▼

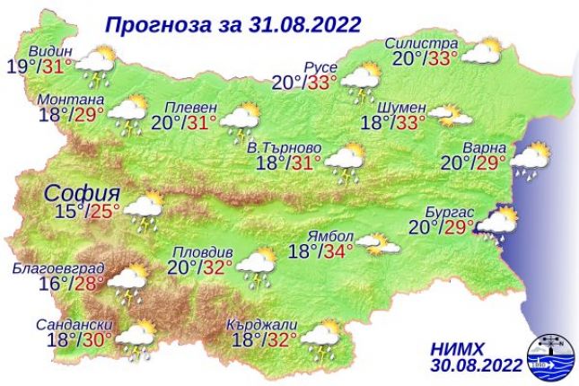 През първата половина на нощта, на места в Западна и Централна България, все още ще има превалявания от дъжд. В края на нощта и в сутрешните часове облачността над източните райони временно ще се увеличи и на места по Южното Черноморие и Странджа ще превали и прегърми. Утре до обяд над по-голямата част от страната ще е предимно слънчево. Следобед отново ще се развива купеста и купесто-дъждовна облачност и на много места, главно в Западна и Централна България, ще превали и прегърми. Вятърът ще е слаб със северна компонента. Максималните температури ще са между 25° и 30°, в низините на Източна България до 33-34°, в София - около 25°.
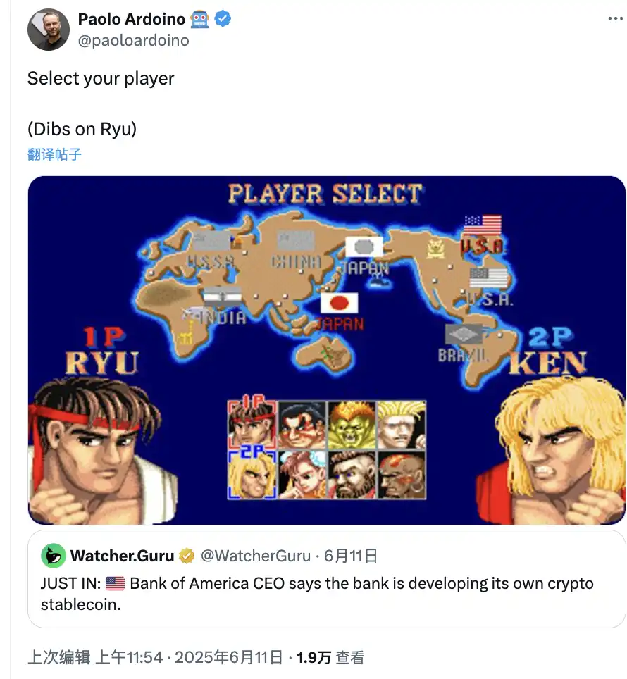 上周,Paolo 把美国第一家明确表态愿意发行稳定币的大银行新闻转发到 X,并配了句意味深长的「Select your player」。业内立刻猜测,Tether 很可能与在这家银行合作。
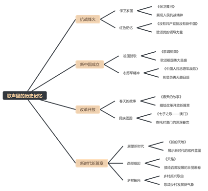 (2)思维导图:根据材料并结合所学知识,制作一幅思维导图即可,包括思维导图名称(歌声里的历史记忆)、主干(四个主题:抗战烽火、新中国成立、改革开放、新时代篇章)、分支等,注意要求:任意选取表中的部分歌曲,至少提炼出四个主题;在每个主题后至少列出一首对应的歌曲名称;以思维导图的方式呈现出来。结构清晰,符合逻辑。
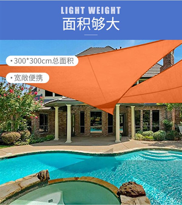 三角3米塗銀隔熱天幕布 戶外防曬可攜式野營帳篷防雨水遊泳池遮陽篷
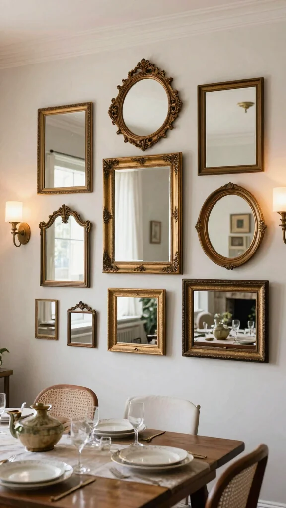 Creating a vintage mirror collage allows you to showcase a variety of styles and shapes, adding personal flair to your dining room. This eclectic arrangement can express your personality while serving a practical purpose.

▲

= TASK TO CARRY OUT =
The output should consist of every entry above, printed exactly, with the images removed.

= SOLUTION TO THIS PROBLEM =
 През първата половина на нощта, на места в Западна и Централна България, все още ще има превалявания от дъжд. В края на нощта и в сутрешните часове облачността над източните райони временно ще се увеличи и на места по Южното Черноморие и Странджа ще превали и прегърми. Утре до обяд над по-голямата част от страната ще е предимно слънчево. Следобед отново ще се развива купеста и купесто-дъждовна облачност и на много места, главно в Западна и Централна България, ще превали и прегърми. Вятърът ще е слаб със северна компонента. Максималните температури ще са между 25° и 30°, в низините на Източна България до 33-34°, в София - около 25°.
 上周,Paolo 把美国第一家明确表态愿意发行稳定币的大银行新闻转发到 X,并配了句意味深长的「Select your player」。业内立刻猜测,Tether 很可能与在这家银行合作。
 (2)思维导图:根据材料并结合所学知识,制作一幅思维导图即可,包括思维导图名称(歌声里的历史记忆)、主干(四个主题:抗战烽火、新中国成立、改革开放、新时代篇章)、分支等,注意要求:任意选取表中的部分歌曲,至少提炼出四个主题;在每个主题后至少列出一首对应的歌曲名称;以思维导图的方式呈现出来。结构清晰,符合逻辑。
 三角3米塗銀隔熱天幕布 戶外防曬可攜式野營帳篷防雨水遊泳池遮陽篷
 Creating a vintage mirror collage allows you to showcase a variety of styles and shapes, adding personal flair to your dining room. This eclectic arrangement can express your personality while serving a practical purpose.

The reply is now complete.